In pochi si sono cimentati nell'impresa di scavare in questo nebuloso passato e tra questi va annoverato proprio il "nostro" Cesare Cattani, già funzionario dell'ARCI e organizzatore-manager degli AREA (con Demetrio Stratos), dei Giancattivi e di Otello Sarzi, di cui, peraltro, ha promosso la costituzione di una fondazione a suo nome.
E' proprio tramite Otello Sarzi, uno dei cinque confinati politici mandati a Sant'Agata *(2), che Dante Castellucci entra a contatto con i primi movimenti armati antifascisti e segnatamente con Gino (Aldo) Cervi.

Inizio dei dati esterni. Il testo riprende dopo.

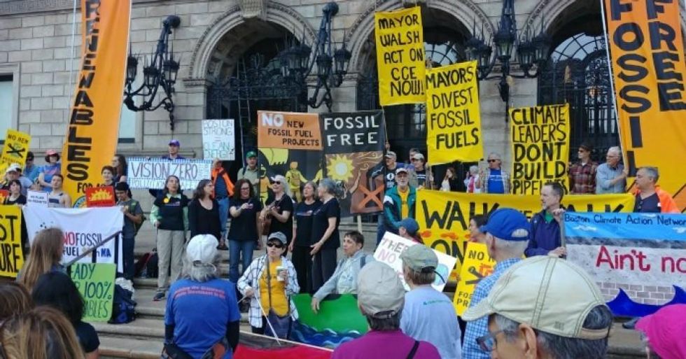 As the 86th annual U.S. Mayors Conference kicked off in Boston, Massachusetts on Friday, environmentalists took to the streets--and the Boston Harbor--to demand that local leaders "walk the talk" on climate and commit to bold action as the Trump administration caters to the whims of the fossil fuel industry.
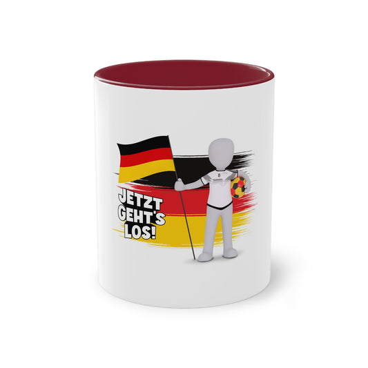 Jetzt geht's los auf Kaffeetassen bedruckt; weißer Außenbereich mit mehrfarbigem Innenbereich und Henkel, große; 11 Unzen
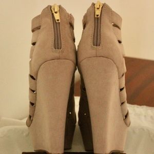Sand/taupe colored faux-suede peep-toe cage platform wedge. These beauties are super high but the platform makes them very comfortable! Worn 2-3 times; maintained with suede brush. Very slight darkening on R toe (see close-up, photo 4) that I never noticed before photographing. No other marks, stains, scrapes, or discoloration of 'suede'.
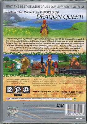 This lot contains a factory sealed copy of Dragon Quest - The Journey of the Cursed King for the Sony PS2. This game is for the PAL region/territory and the platinum grey label.

Così l'epopea tragica dei sette fratelli Cervi, con la loro cattura e successiva fucilazione, sembra segnare anche il destino di Facio, a cui non si perdona quell'appartenenza ideale così refrattaria all'ortodossia ed alle prescrizioni del PCI reggiano.
Di quei contrasti si discute animatamente ancora oggi e proprio Cesare Cattani ha pubblicato un anno fa (9 e 14 gennaio 2006 disponibile sul nostro sito) un proprio corposo contributo sul quotidiano "L'informazione" di Reggio Emilia *(3) dal titolo "Perché il PCI condannò Facio", in cui si analizzavano i molti vuoti nella ricostruzione dei difficili rapporti tra i Cervi ed il partito reggiano.
Non bisogna affatto dimenticare che gli esponenti di quel partito, giusto sei mesi prima della sua ingiusta fucilazione, avevano dato ordine allo stesso Otello Sarzi di uccidere Dante Castellucci, ritenendolo responsabile della cattura dei Cervi.
In esclusiva per le monografie di Santagataviva, Cesare Cattani propone un nuovo tassello delle proprie ricerche, concentrandosi sulla figura di Otello Sarzi ed in particolare sui suoi diciotto mesi di confino a Sant'Agata.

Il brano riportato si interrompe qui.